[270] The late Major C. G. Halpine, in a very interesting essay,
makes it extremely probable that Rosalinde is the anagram of Rose
Daniel, sister of the poet and married to John Florio He leaves
little doubt, also, that the name of Spenser's wife (hitherto
unknown) was Elizabeth Nagle. (See "Atlantic Monthly," Vol II 674
November, 1858.) Mr. Halpine informed me that he found the substance
of his essay among the papers of his father, the late Rev. N. J.
Halpine, of Dublin. The latter published in the series of the
Shakespeare Society a sprightly little tract entitled "Oberon,"

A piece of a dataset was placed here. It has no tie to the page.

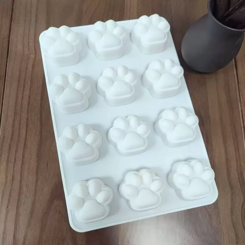 12-Compartment DIY Silicone Cat Paw Mold, Food Grade Baking Mold, Easy Clean, Semi-3D Cute Cat Paw Cake Mold, Soap & Gypsum Mold

which, if not quite convincing, is well worth reading for its
ingenuity and research.
[271] In his prose tract on Ireland, Spenser, perhaps with some
memory of Ovid in his mind, derives the Irish mainly from the
Scythians.
[272] Compare Shakespeare's LXVI. Sonnet.

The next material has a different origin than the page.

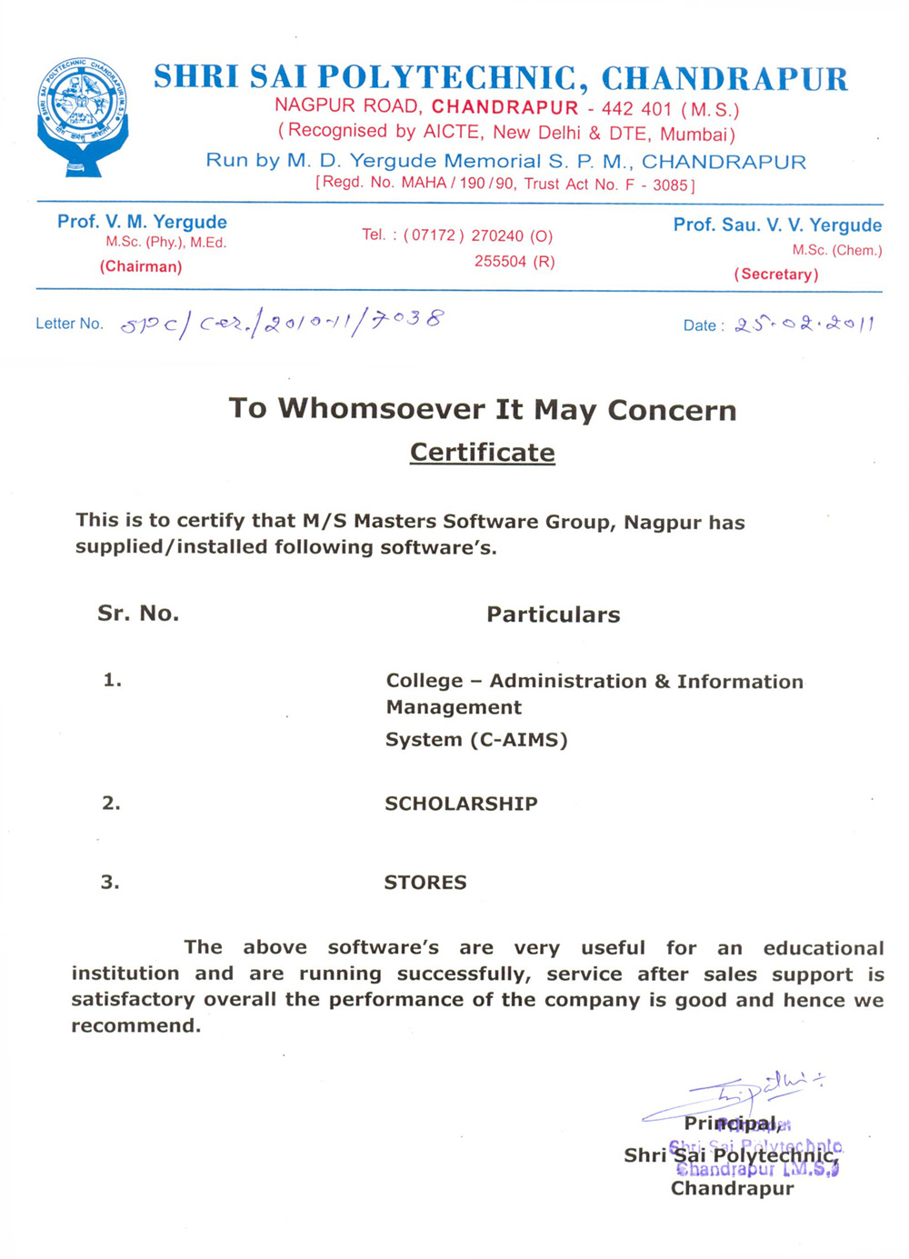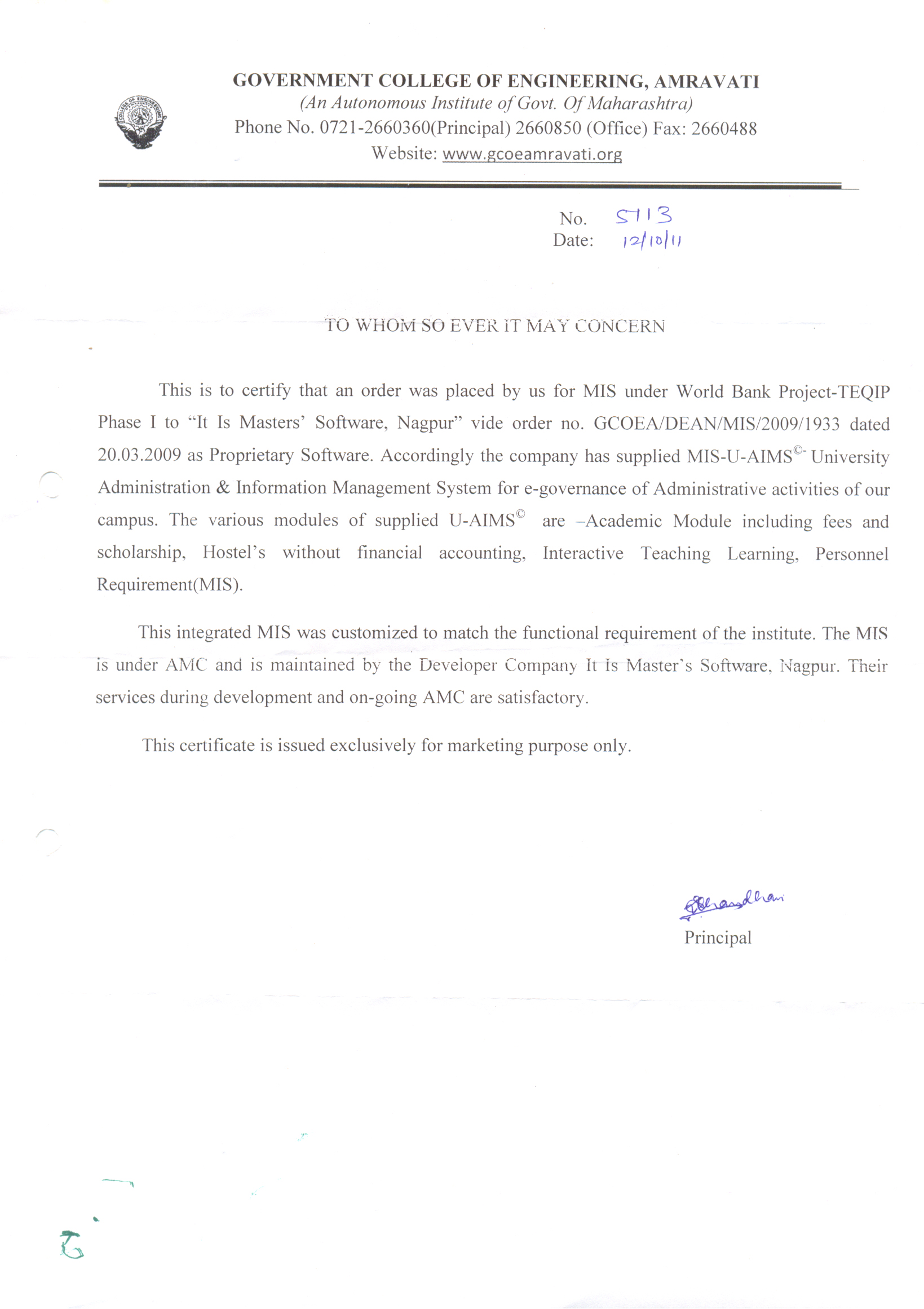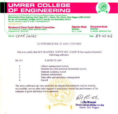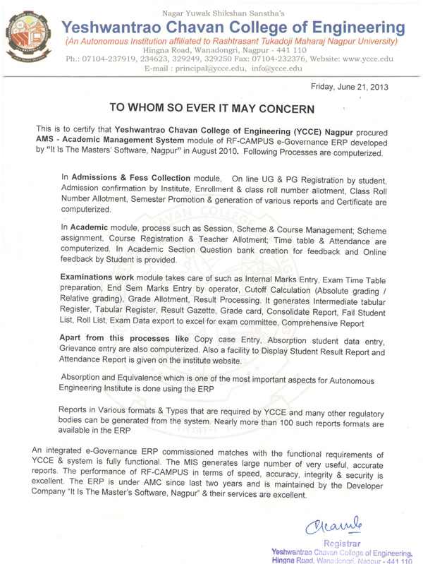 An integrated E-Governance ERP comissioned matches with the functional requirements of YCCE & system is fully functional. The ERP is under AMC since last two years & is maintained by the developer company 'It Is The Master's Software, Nagpur' and their services are excellent.

[273] This poem, published in 1591, was, Spenser tells us in his
dedication, "long sithens composed in the raw conceit of my youth."
But he had evidently retouched it. The verses quoted show a firmer
hand than is generally seen in it, and we are safe in assuming that
they were added after his visit to England. Dr. Johnson
epigrammatized Spenser's indictment into
"There mark what ills the scholar's life assail,
Toil, envy, want, the patron and the jail,"
but I think it loses in pathos more than it gains in point.